BEGIN

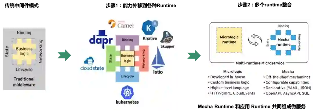 在 ServiceMesh 初步成功并且 Sidecar 模式被云原生社区普遍接受之后,各企业效仿 ServiceMesh 将应用需要的其他分布式能力外移到各种 Runtime,这逐渐演变成了一个趋势。这些 Runtime 会逐渐整合,最后和应用 Runtime 共同组成微服务,形成所谓的 "Multi-Runtime" 架构,又称 Mecha:
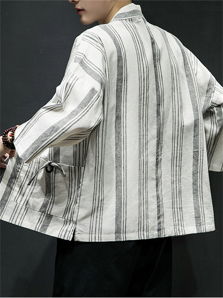 Vintage Long Sleeve Button Up Linen Shirt for Men
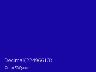 Decimal 22496613 Color is a normal indigo color and the nearest color is Ultramarine #120a8f. Hex code #1806a5 and RGB value is rgb(24,6,165). In RGB color space, this color is composed of 9% red, 2% green, 65% blue, In CMYK color space, this color is composed of 85% cyan, 96% magenta, 0% yellow , 35% black , In HSL color space, this color has a hue angle of 247° , 93% saturation and 34% lightness.
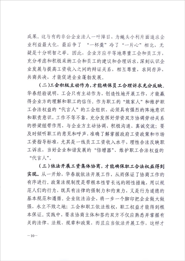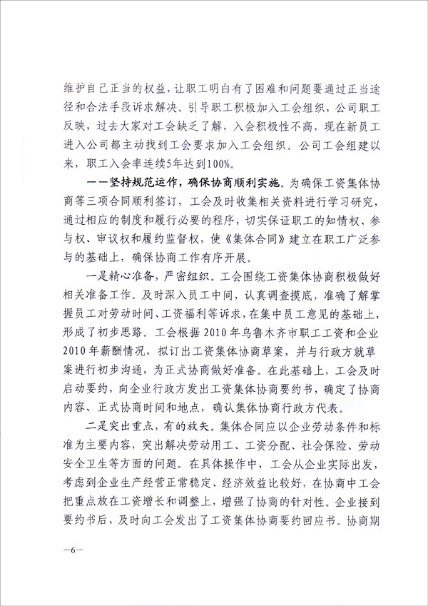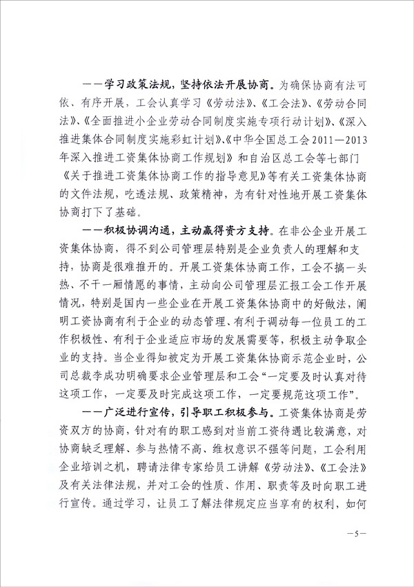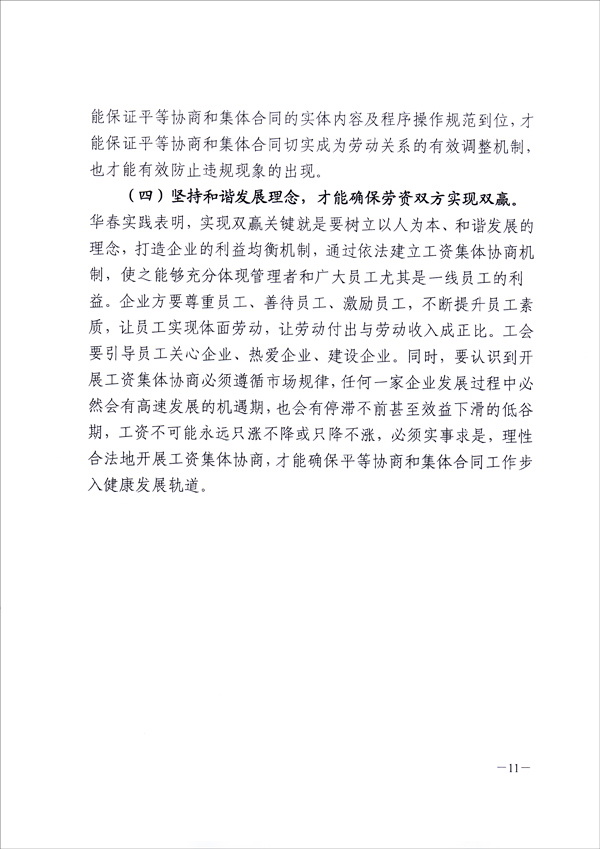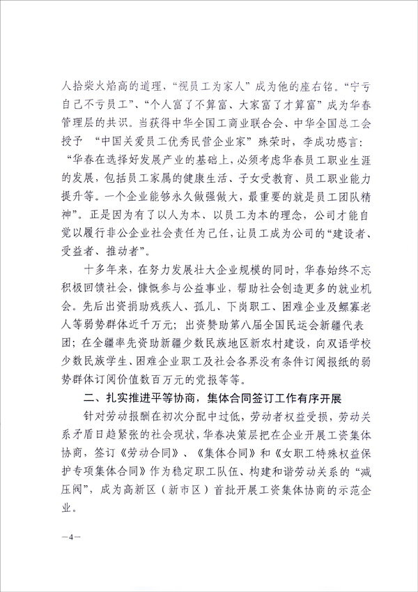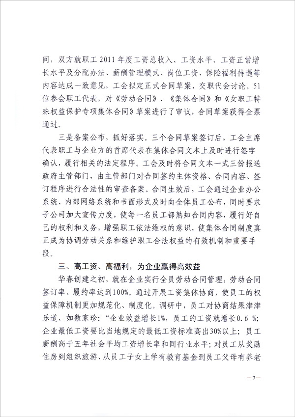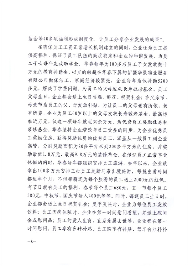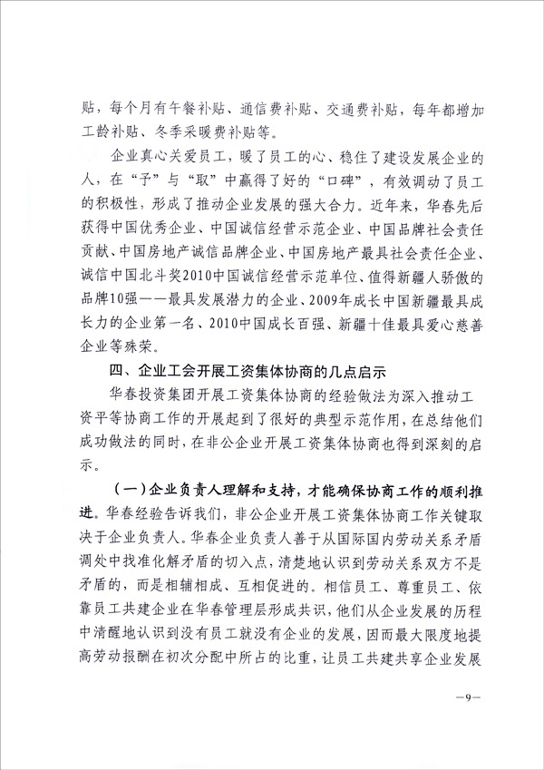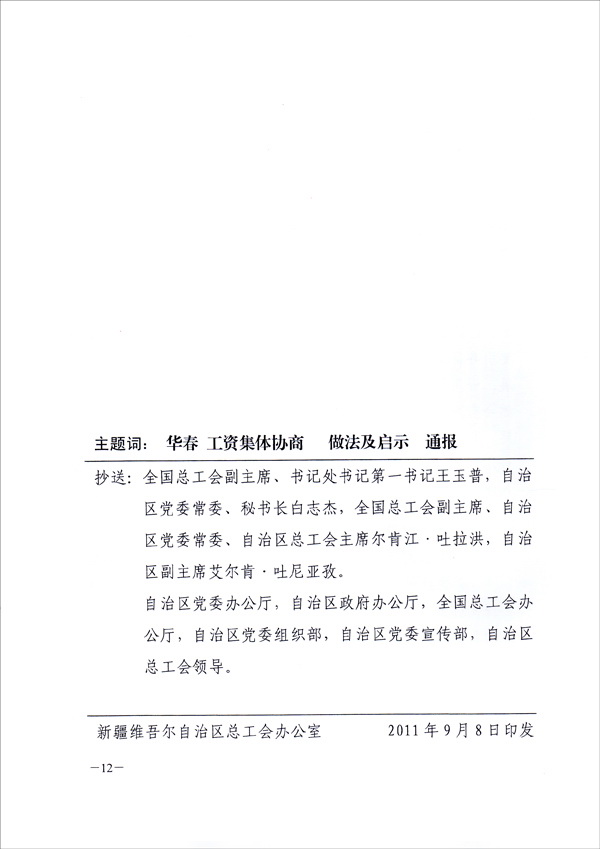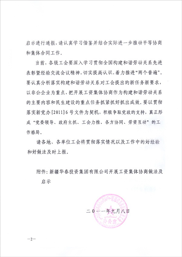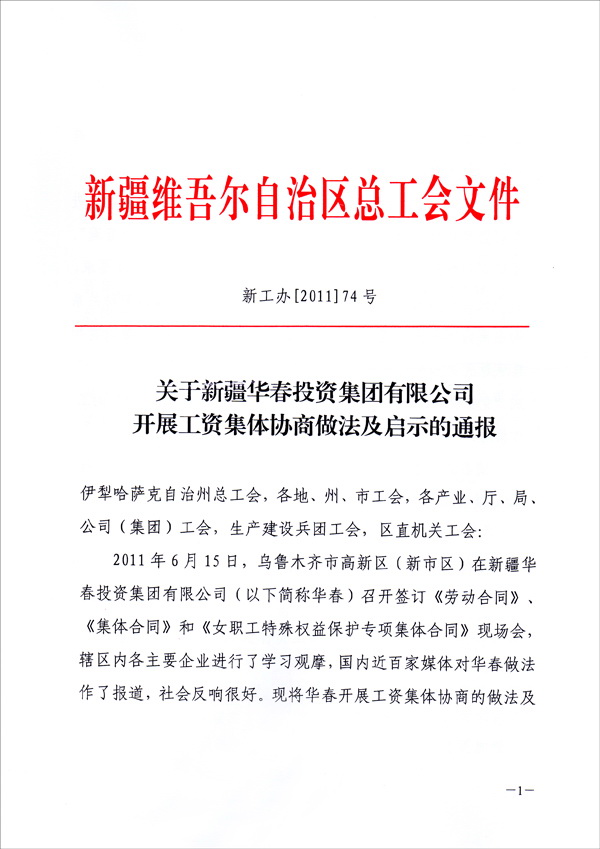 为在全疆推进工资集体协商、构建和谐劳动关系,新疆维吾尔自治区总工会于9月8日向全疆各地州、各产业、厅、局、公司集团、生产建设兵团、区直属机关工会,正式下发了长达十几页的“关于新疆华春投资集团有限公司开展工资集体协商做法及启示的通报”的红头文件,要求全疆认真学习与借鉴。
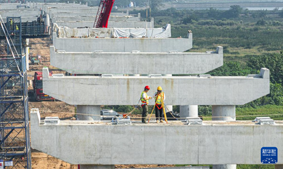 10月6日,在武汉都市圈环线高速公路孝感南段4标项目上,中铁二十局建设者进行施工作业(无人机照片)。 10月6日是中秋佳节,不少劳动者坚守岗位,保安全促生产,..
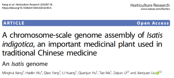 2020年2 月1日,四川大學(xué)生命科學(xué)學(xué)院劉建全課題組與華中農(nóng)業(yè)大學(xué)作物遺傳改良國家重點實驗室李再云課題組首次完成了菘藍(Isatis indigotica,2n=14)染色體級別基因組圖譜繪制。該研究利用Pacbio測序(140X)結(jié)合北京百邁客生物技術(shù)有限公司的Hi-C技術(shù)(284X)組裝得到294Mb高質(zhì)量基因組(contigN50=1.2Mb)。基于同源搜索和功能注釋,確定了該物種主要化合物(如吲哚類、萜類、黃酮、木脂素等物質(zhì))的可能生物合成通路和相關(guān)的候選基因。該研究強調(diào)了基因組測序在鑒定藥用植物代謝產(chǎn)物合成候選基因中的重要性,為今后十字花科植物比較基因組等研究提供了重要遺傳信息。
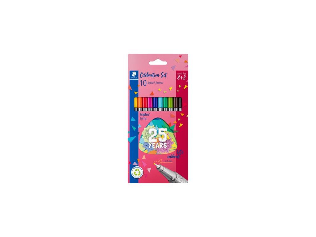 ultra tenký hrot ergonomický trojuholníkový tvar pre hladké a pohodlné písanie stabilný kovový hrot "Dry Safe" - bez uzáveru nevyschne niekoľko dní (okrem neónových farieb) atrament na vodnej báze z väčšiny textílií vyprateľné PP telo pera hrúbka písma: 0,3 mm Mix & Match funkcia: kombinovateľné s modelom 323 sada obsahuje 10 rôznych farieb Značka: STAEDTLER Výrobca: STAEDTLER SE Adresa: Moosäckerstr. 3 , 90427 Nuremberg, Germany Web: http://www.staedtler.com Email: https://www.staedtler.com/intl/en/service/contact/Dodatočné parametre
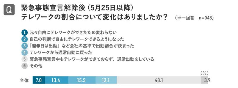 自己の判断で自由にテレワークできるようになった人は、6割以上がポジティブな一方、宣言解除後に出社割合や通常出勤を命じられた人の3割はネガティブ。
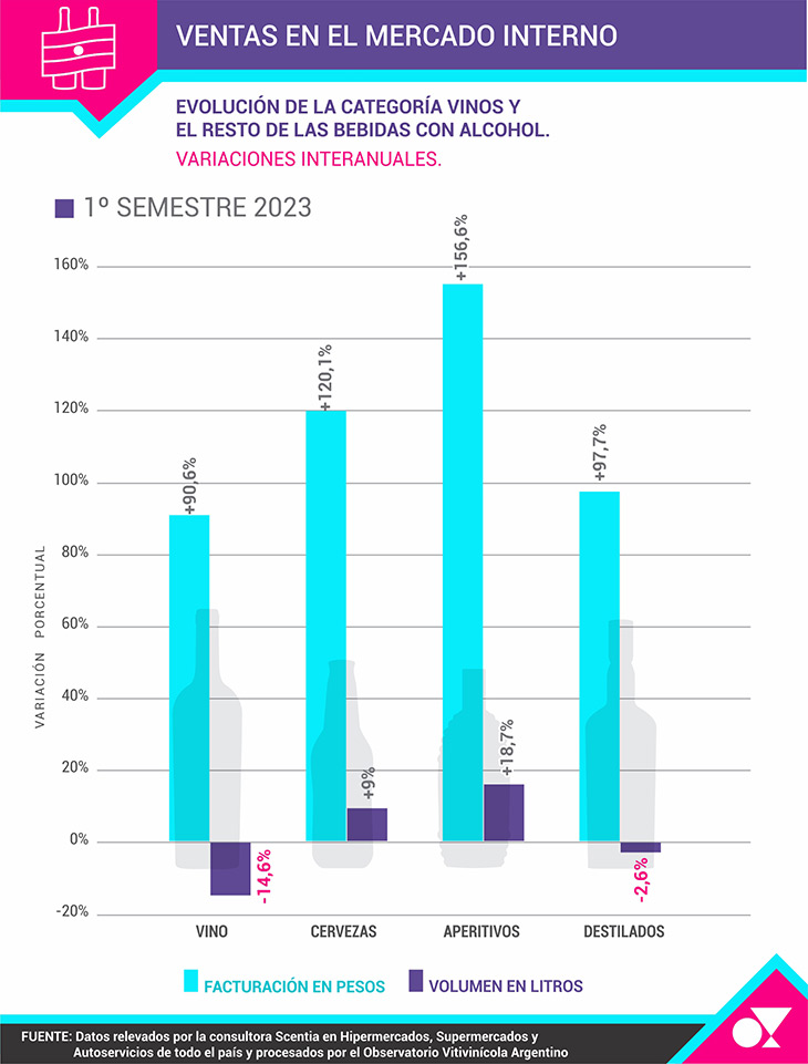 En el acumulado al primer semestre del 2023 contra igual período de 2022, la categoría Vino es la que menos creció en facturación, con un +90,6%, y la que sufre la mayor caída en volumen con el -14,6%.
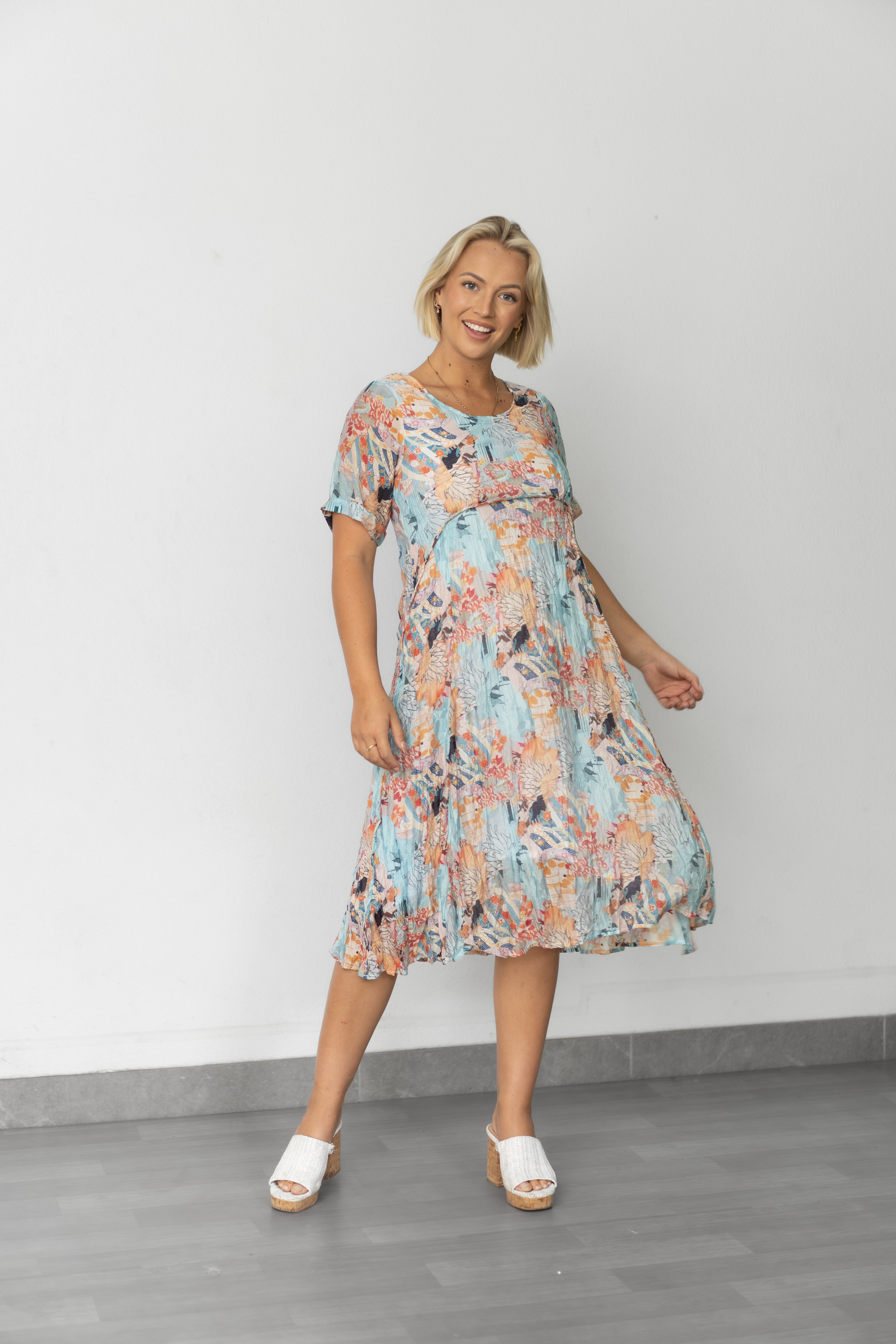 38592DH BL VISCOSE POLYESTER JAPANESE PRT PANELED S/S DRESS size 8-20

END

PROBLEM STATEMENT — Please retype the whole listing above word for word and drop the pictures.

REPLY TO THE TASK —
 在 ServiceMesh 初步成功并且 Sidecar 模式被云原生社区普遍接受之后,各企业效仿 ServiceMesh 将应用需要的其他分布式能力外移到各种 Runtime,这逐渐演变成了一个趋势。这些 Runtime 会逐渐整合,最后和应用 Runtime 共同组成微服务,形成所谓的 "Multi-Runtime" 架构,又称 Mecha:
 Vintage Long Sleeve Button Up Linen Shirt for Men
 Decimal 22496613 Color is a normal indigo color and the nearest color is Ultramarine #120a8f. Hex code #1806a5 and RGB value is rgb(24,6,165). In RGB color space, this color is composed of 9% red, 2% green, 65% blue, In CMYK color space, this color is composed of 85% cyan, 96% magenta, 0% yellow , 35% black , In HSL color space, this color has a hue angle of 247° , 93% saturation and 34% lightness.
 为在全疆推进工资集体协商、构建和谐劳动关系,新疆维吾尔自治区总工会于9月8日向全疆各地州、各产业、厅、局、公司集团、生产建设兵团、区直属机关工会,正式下发了长达十几页的“关于新疆华春投资集团有限公司开展工资集体协商做法及启示的通报”的红头文件,要求全疆认真学习与借鉴。
 10月6日,在武汉都市圈环线高速公路孝感南段4标项目上,中铁二十局建设者进行施工作业(无人机照片)。 10月6日是中秋佳节,不少劳动者坚守岗位,保安全促生产,..
 2020年2 月1日,四川大學(xué)生命科學(xué)學(xué)院劉建全課題組與華中農(nóng)業(yè)大學(xué)作物遺傳改良國家重點實驗室李再云課題組首次完成了菘藍(Isatis indigotica,2n=14)染色體級別基因組圖譜繪制。該研究利用Pacbio測序(140X)結(jié)合北京百邁客生物技術(shù)有限公司的Hi-C技術(shù)(284X)組裝得到294Mb高質(zhì)量基因組(contigN50=1.2Mb)。基于同源搜索和功能注釋,確定了該物種主要化合物(如吲哚類、萜類、黃酮、木脂素等物質(zhì))的可能生物合成通路和相關(guān)的候選基因。該研究強調(diào)了基因組測序在鑒定藥用植物代謝產(chǎn)物合成候選基因中的重要性,為今后十字花科植物比較基因組等研究提供了重要遺傳信息。
 ultra tenký hrot ergonomický trojuholníkový tvar pre hladké a pohodlné písanie stabilný kovový hrot "Dry Safe" - bez uzáveru nevyschne niekoľko dní (okrem neónových farieb) atrament na vodnej báze z väčšiny textílií vyprateľné PP telo pera hrúbka písma: 0,3 mm Mix & Match funkcia: kombinovateľné s modelom 323 sada obsahuje 10 rôznych farieb Značka: STAEDTLER Výrobca: STAEDTLER SE Adresa: Moosäckerstr. 3 , 90427 Nuremberg, Germany Web: http://www.staedtler.com Email: https://www.staedtler.com/intl/en/service/contact/Dodatočné parametre
 自己の判断で自由にテレワークできるようになった人は、6割以上がポジティブな一方、宣言解除後に出社割合や通常出勤を命じられた人の3割はネガティブ。
 En el acumulado al primer semestre del 2023 contra igual período de 2022, la categoría Vino es la que menos creció en facturación, con un +90,6%, y la que sufre la mayor caída en volumen con el -14,6%.
 38592DH BL VISCOSE POLYESTER JAPANESE PRT PANELED S/S DRESS size 8-20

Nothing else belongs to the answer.